The climate of this region is classified as subpolar oceanic, with short, cool summers and long winters, heavy and abundant rainfall, and is also characterized by the presence of strong winds. Because of its latitude it only has a few hours of sun in winter (the sun rises at 09:30 and sets at around 16:00 hours), while in the summer the says last up to 22:30 .
The flora of Tierra del Fuego consists of steppes and of fresh semi-deserts, as well as sub-Antarctic forest species such as the canelo, the guaiteca, notro, ñirres and the coigue of Magallanes, being unique in the world because of their characteristics. Another peculiarity is the high speed winds that are reached in the extreme south, many of these trees grow crooke , so they are known as " flag trees ".
The fauna on the other hand consists of guanacos, fuegians, red foxes and huillín among others. The coastal area has sea lions, elephant seals and leopard seals. We can also find minke and right whales, orcas, dolphins and sperm whales. Birds in the area include the condor, the king penguins of Magallanes and barbijo, gulls, albatrosses and owls among others.
Punta Arenas is a modern city in the Chilean Patagonia, with excellent services and service centers, along with a "Zona Franca" where you can buy products at lower prices. It is known for providing the highest income per capita in the country and one of the best qualities of life for its inhabitants. It has wide streets with trees and buildings ofEuropean architecture.
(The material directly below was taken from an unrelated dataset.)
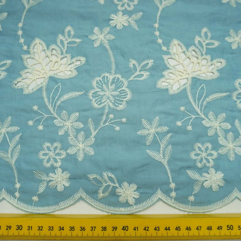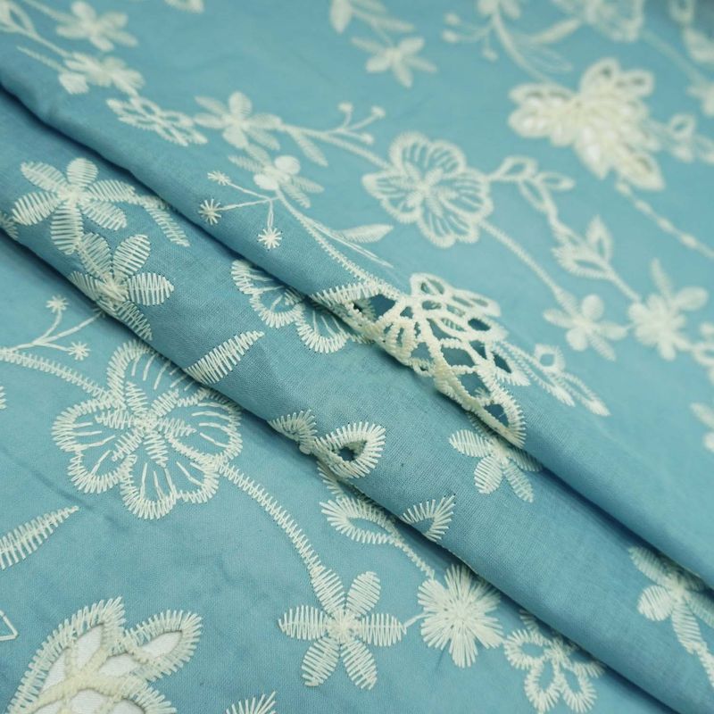 Tecido cambraia de algodao bordado poliester azul serenity/off white
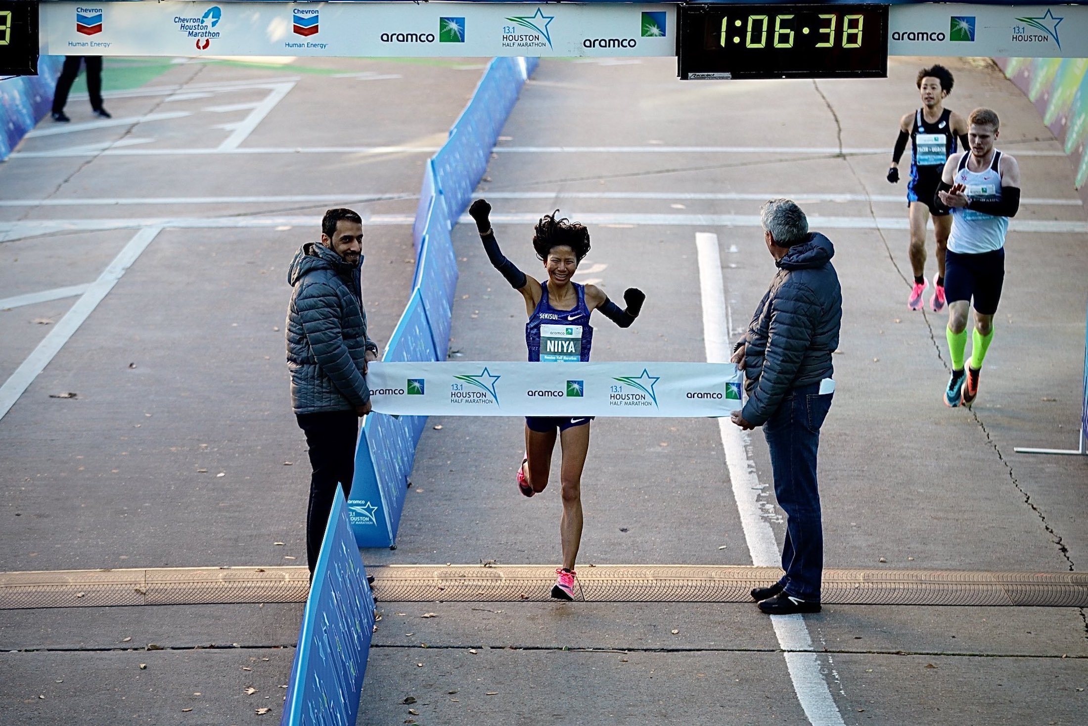 HALF: Runners Break National Records at Houston Marathons. Hitomi Niiya of Japan won the women’s half-marathon race in a time of 1:06:38, setting a new Japanese national record and finishing a whopping 90 seconds ahead of her closest competitor.

Punta Arenas is located on the Brunswick Peninsula, which is part of the western Andes of the Patagonia and borders the Estrecho de Magallanes. Its climate has semi-arid characteristics, with low rainfall throughout the year and snow and hail in the winter. It is also highlighted by the presence of strong winds. Temperatures can reach down to very extreme measures, down to -18° C.
It is in a transition zone of coigue and beech forests, with coirones that are used for breeding sheep.
When Hernando de Magallanes, in 1520 , discovered an island on the south of the Estrecho de Magallanes, he called it Tierra de los Fuegos o de los Humos by the fires that lit the selknam or onas who were the first inhabitants of this territory. Later, it was renamed Tierra del Fuego by the Spanish King Carlos I.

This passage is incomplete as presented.